Leif N Thomas, Stanford University, Stanford, CA, United States, Luc Rainville, University of Washington, Seattle, WA, United States, Craig Lee, Univ Washington, Seattle, WA, United States, Olivier Asselin, Scripps Institution of Oceanography, UC San Diego, United States, William R Young, University of California, La Jolla, CA, United States and James B Girton, Applied Physics Laboratory, University of Washington, Seattle, WA, United States
Abstract:
Generated at large lateral scales set by the wind's footprint on the ocean, near-inertial waves (NIWs) are inherently inefficient at radiating energy down to the abyss without a shift to smaller wavelengths.
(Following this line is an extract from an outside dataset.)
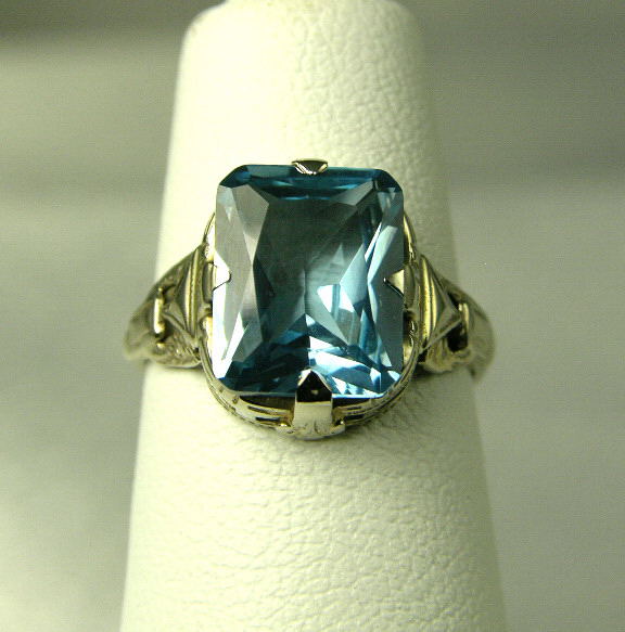 octagon aquamarine was replaced with a similar lab created aquamarine. This is a small ring, measuring size 3 1/2. SORRY!

The lateral scales of NIWs can be reduced by gradients in the Coriolis parameter, f, or the vertical vorticity of the balanced flow through the beta-effect and refraction, respectively. While the beta-effect has been observed, no direct observational evidence of refraction has been reported in the literature. This is in spite of the fact that gradients in vorticity are typically much larger than beta, suggesting that refraction should be prevalent. Here we present observations from surveys from a cruise in the Icelandic Basin made as part of the Near-Inertial Shear and Kinetic Energy in the North Atlantic experiment (NISKINe) that show, for the first time, direct evidence of refraction. The surveys targeted the axial jet of a dipole vortex where the gradient in vorticity was ~100 times larger than beta and the horizontal strain was confluent. The surveys were made after the passage of an atmospheric front which accelerated a NIW in the upper 50 m. By rapidly sampling the velocity on either side of the jet, lateral differences in NIW phase could be estimated. NIW phase decreased more quickly on the cyclonic side of the jet, generating a lateral wavelength that shrank with time at a rate consistent with refraction, reaching ~30 km in 5 inertial periods. Shortly thereafter, a NIW beam with a ~30 km horizontal and ~300 m vertical wavelength was detected at depth. The beam appeared to radiate NIW energy away from the jet, down and towards the center of the anticyclone, evidencing the formation of an inertial drainpipe (a.k.a. an inertial chimney). Surprisingly, the NIW was not obviously affected by the confluent strain despite its persistence and O(0.1f) strength. Results from a companion theoretical study were used to interpret these findings and will be discussed.